Friday, May 7, 2010

Announcing the "N" Litter!

Today, an ultrasound showed that Hunter is definitely pregnant--the vet count 6 or 7 beating hearts in their little sacs. Hunter was an absolute doll for the ultrasound, and I scratched her chin and chest while she patiently waited upside down in the V shaped foam rest on the vet's exam table. It reminded me so much of her mother Nike's attitude during the ultrasound--just soaking up the attention and being very patient. This will be her first litter (just turned 4 years old), so I hope she's as good a mom as Nike too!

   So, who's the daddy, you ask?

V Orus d'Ulmental, KK1a, SchH3

Well it was a really tough call, but I decided to try something different this breeding, and I did something I've never done before--I bred to a show-line male, V Orus d'Ulmental, KK1a, SchH3. He's breed survey class 1, a stamped, SchH3, and AD--that means that he was "recommended for breeding" by a German koermeister, passed his hip evaluations (and elbows, too), performed a 12 mile endurance test (the AD, which is a prerequisite for the Koerung), and has a schutzhund 3 title. He's a son of 2x German Sieger VA1 Vegas du Haut Mansard, a Sieger who is well-known for his working ability and sound temperament, and is linebred 5-2 on VA Max della Loggia dei Mercanti, a VA dog known for his ability to pass on strong working drives as well as his good looks.

When I met Orus, I was impressed by his confidence and clear-headed attitude. He showed strong ball drive as he played with his handler, Megan, and was aloof and neutral to my presence.

Too bad I cut off Orus's leg in this next shot--it would have been a nice image of him free gaiting with his beloved ball:

Blackthorn's Hunter, JHD

Hunter is OFA Good Hips and clear elbows and has an AHBA Junior Herding Dog title. I plan to do more herding with her and probably at least a BH title, but she had the poor timing to be born while I was in the midst of my schutzhund hiatus. She's a very calm dog in the house, good with children and sweet with strangers. She's got a lot of prey drive and loves to track. She's out of my Nike and the 2x USA Universal Sieger V Alex v Eisenhaus, KK1, SchH3, who is a Troll vh Milinda son.

Conformationally, she's very moderate and very balanced, although she could use a bit higher withers and just a bit more rear angulation (for my taste anyway--I prefer moderate rear angulation, but a GSD should have good "rear drive" and somewhat more angulation than most other breeds). She's an incredible agile dog, and always knows where every foot is as she goes over difficult footing.

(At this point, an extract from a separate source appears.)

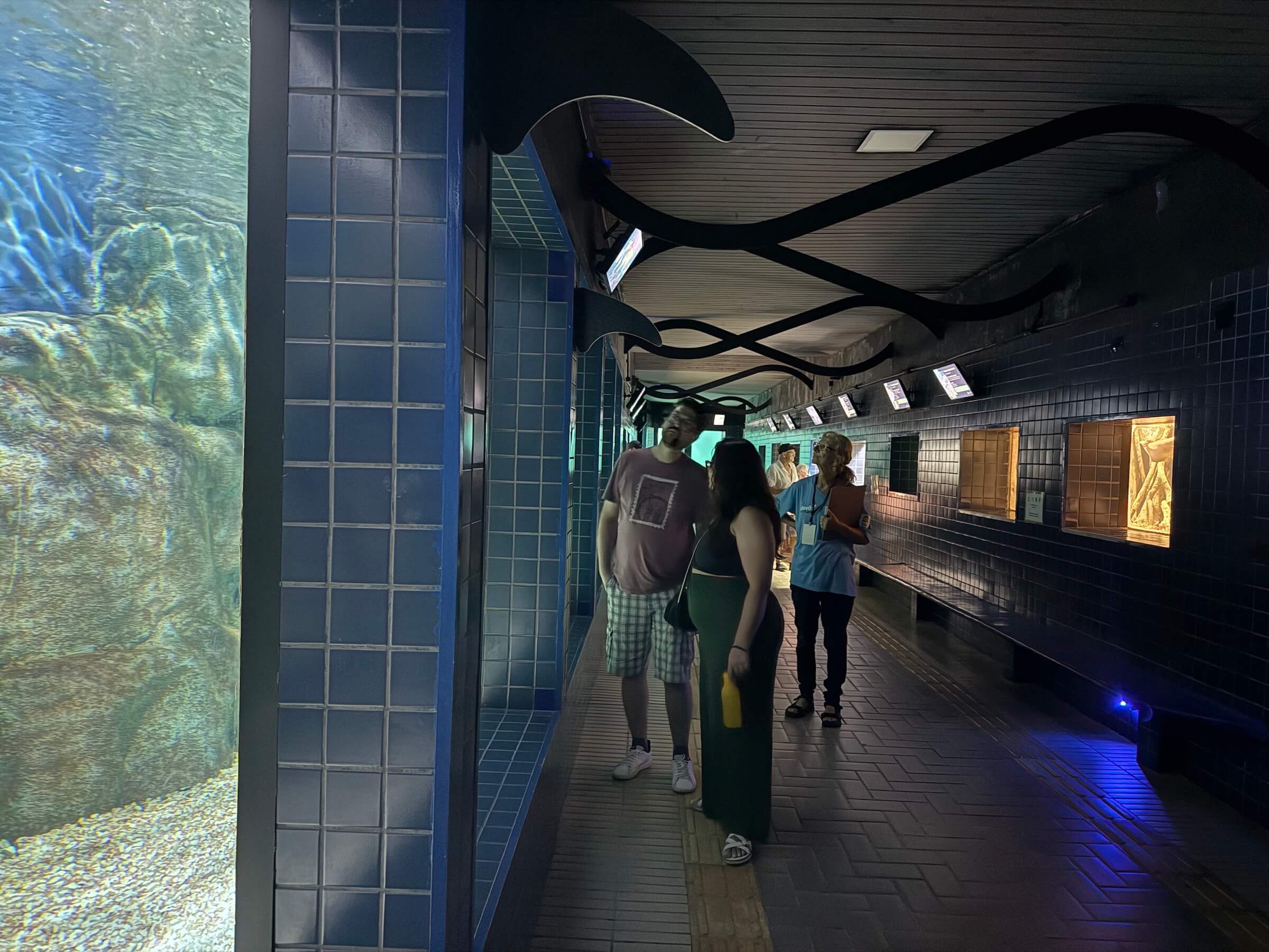 Por lá você vê tubarões-lixa, tartarugas, pinguins, raias, estrelas-do-mar, ouriços e, é claro, muitas espécies de peixes — sernambiguara, corcorocas, xaréus, robalos, salemas, marimbas... O Aquário ocupa uma área de 3 mil m², com 32 tanques. Do lado direito, estão os tanques de água salgada e, do esquerdo, os de água doce. Todos os tanques receberam cenografia que reproduzem os habitats naturais dos animais.

So, I'm hoping with this litter to produce some beautiful puppies with confident personalities, plenty of prey drive, the ability to work at SAR or Schutzhund or herding or agility all day and then come home and relax on the couch all evening. I'm hoping for dogs who will love to work with their person, but who will be happy just to keep you company on quiet days.

The puppies should be black and red, with a lot of black pigment, but more extensive red/tan points than Hunter has. (Genetically, Hunter is bicolor/bicolor, and Orus is black&tan/black&tan, so all puppies will be black&tan with the bicolor recessive, which typically gives rich pigmentation and a large saddle area, like Nike, who is b&t/bicolor genetically.) I may get some long coats, which should make gorgeous companions. (As of this year, longcoats have been accepted for breeding by the SV in Germany.) I expect the pups to have very correct conformation--not as flashy or showy as their dad, but flashier than their very correct, very moderate mom. They'll probably be medium-sized adults--between 65 and 85 pounds for females/males.

Due date is June 12!


Nancy said...

It looks and sounds like a good breeding. Keep us informed of Hunter's progress. I live in Bradenton Florida and have the privilege of watching Macy growing up. Nancy

Steve Schuler said...

Hey There!

I just came upon your blog today and thought I'd drop you a short note. I am a pretty big fan of the GSD and I have had four of them over the years as well as a dachshund, a malamute, and a golden retriever. To the point, I'm glad to see that you are breeding what you believe to be two good dogs to each other even though you are going against the conventional wisdom/practice of maintaining the separation of work/show lines. I could go on about that subject, but I will spare you (and me!) that ordeal! I wound up hooking up to you via the Pedigree Database forum, where I am a better student than teacher and know enough to keep my mouth shut and just pay attention. Well, best of luck to you on this litter!



Steve Schuler said...

One more thing...

"Genetic diversity is genetic strength"

More people need to get that notion into their heads, don't you think?